Subgenre: Young Adult Speculative Romance / LGBTQ+ Contemporary Fantasy

Rating: ★★★★☆ (4.3 out of 5 stars)


“I wake up. Immediately I have to figure out who I am.”

And with that poetic punch to the chest, Every Day opens the door to one of the most unique love stories in contemporary YA literature. David Levithan invites us to meet A—a being who inhabits a different body each day, regardless of gender, race, orientation, or geography. A has lived like this for 16 years, never staying, never forming attachments—until they meet Rhiannon.

What follows is not just a romance, but a quiet philosophical meditation on embodiment, consent, connection, and what it really means to see someone beyond the surface.


🌟 What Shines Bright (Praise)

  • A Concept that Sparks Wonder: The premise—a soul that changes bodies daily—feels equal parts magical and existential. It’s a high-concept idea that Levithan grounds with surprising emotional realism.
  • Radical Empathy in Action: As A navigates different lives—teens who are trans, disabled, depressed, joyful, angry—readers are handed a passport into radically different experiences. The result is a masterclass in empathy without feeling preachy.
  • Romance with a Pulse: The tension between A’s shifting identity and Rhiannon’s desire for constancy is heartbreakingly honest. Their love feels tender, messy, and deeply human, in all the best ways.

LGBTQ+ Affirming: A’s fluid existence opens the door for conversations around gender, orientation, and love beyond binaries. It’s a warm, welcoming mirror for queer teens—and a gentle education for others.


🤔 Where It Trips a Bit (Critique)

  • A Bit Repetitive: The daily body-swaps—while thematically rich—can become narratively repetitive. Some readers may wish for a tighter pace or more external plot movement.
  • Ethical Gray Zones: A inhabits people without their consent, which raises valid ethical questions the book only lightly touches. If you're a reader who likes moral nuance explored thoroughly, you might find this unsettling.
  • Rhiannon's Flatness: While A is complex and layered, Rhiannon occasionally reads more like a vehicle for A’s longing than a fully-realized character in her own right.

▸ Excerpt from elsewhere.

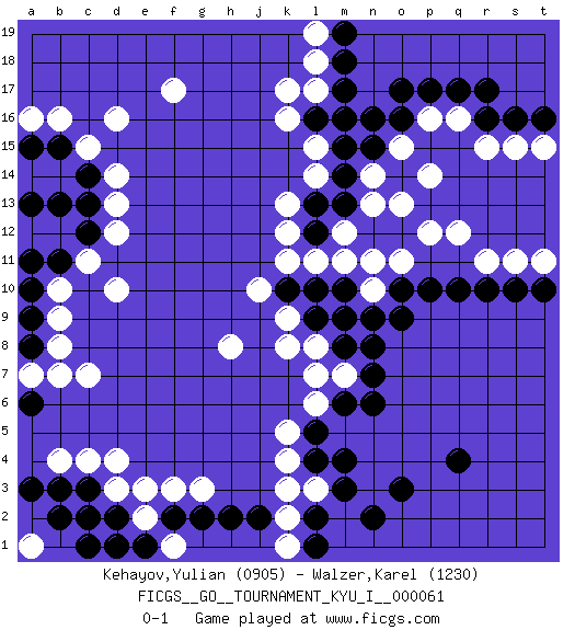 Last move : 0-1 2016 April 19 23:15:38 [Event "FICGS__GO__TOURNAMENT_KYU_I__000061"] [Site "FICGS"] [Date "2016.01.18"] [Round "1"] [Black "Kehayov,Yulian"] [White "Walzer,Karel"] [Result "0-1"] [Rating 1 "0905"] [Rating 2 "1230"] 1.r16 d4 2.q4 d16 3.o17 d10 4.q10 k17 5.o3 k4 6.k10 q16 7.q17 p16 8.p17 r15 9.r17 q12 10.c14 c15 11.c12 c11 12.b15 b16 13.a15 a16 14.b13 d12 15.b11 b10 16.a11 d14 17.a13 f17 18.m4 h8 19.n8 r11 20.r10 o11 21.s10 k11 22.l10 l11 23.m10 m11 24.o10 f3 25.n16 l15 26.n15 p14 27.m14 l14 28.m13 n10 29.n9 n11 30.p10 p12 31.l13 k13 32.l12 k12 33.m17 l8 34.m9 j10 35.o9 l3 36.m3 l6 37.m6 c7 38.a10 b9 39.a9 b8 40.a8 a7 41.c3 d3 42.c2 c4 43.b3 b4 44.d2 e2 45.a3 b1 46.d1 m7 47.n6 k9 48.n7 s11 49.l5 k5 50.l4 k3 51.l2 k2 52.l1 k1 53.n2 l18 54.m18 s15 55.s16 l17 56.m16 n14 57.o14 n13 58.m15 o15 59.o16 o13 60.t10 t11 61.t16 t15 62.a1 a2 63.b2 a1 64.c13 d13 65.m19 l19 66.l9 k8 67.m8 l7 68.l16 k16 69.c1 a1 70.a6 b7 71.e1 m12 72.f2 e3 73.g2 g3 74.h2 f1 75.j2 pass 0-1 Here are the names of the openings (joseki) played in the four corners : Corner d16 : d16 c14 Hoshi (Hwajeom, Seongjeom, Xingwei`) 4-4 Point. The star or hoshi (4-4) point, emphasizing influence at the potential expense of territory. Ikken Kakari (Hankan Keolch'im, Yi Gua`jiao~, 1-Space Low Approach). Black 2 is the standard approach move to the 4-4. Player White won this Go (weiqi, baduk) game. Follow this game move after move (download)Always remember, keep the balance. [between territory and influence] (Figaro) The problem with manipulation is that people can turn on you. (Horatio Caine, C.S.I. Miami)

🚨 Potential Triggers (By Degree)

Mild to Moderate:

  • Body dysphoria & gender identity distress (as A navigates different bodies)
  • Depression & suicidal ideation (brief but present in certain characters A inhabits)
  • Emotional manipulation in relationships (from Rhiannon’s boyfriend)
  • Consent ambiguity (A's uninvited presence in others' bodies)

No explicit violence or sexual content, but the emotional stakes can be intense.


💌 Who Should Read This?

  • Teens & young adults questioning identity, gender, or the shape of love.
  • Readers craving emotionally intelligent speculative fiction with a philosophical twist.
  • Fans of Becky Albertalli, Nina LaCour, or They Both Die at the End.
  • Adults nostalgic for YA that’s both heartwarming and thought-provoking.

🌈 Final Thoughts

Every Day is a love story, yes—but also a mirror, a question, and a prayer. It asks: if we are more than our bodies, what does love really see? David Levithan doesn’t hand us easy answers, but he does offer us a kaleidoscope of lives—each one reminding us that being human is a beautiful, complex mess of connection.

It may not be a perfect novel (what soul ever is?), but it lingers, like a dream you can’t quite shake. If you’re ready to read something that will expand your heart and challenge your assumptions—with a touch of speculative sparkle—this might just be the book for you.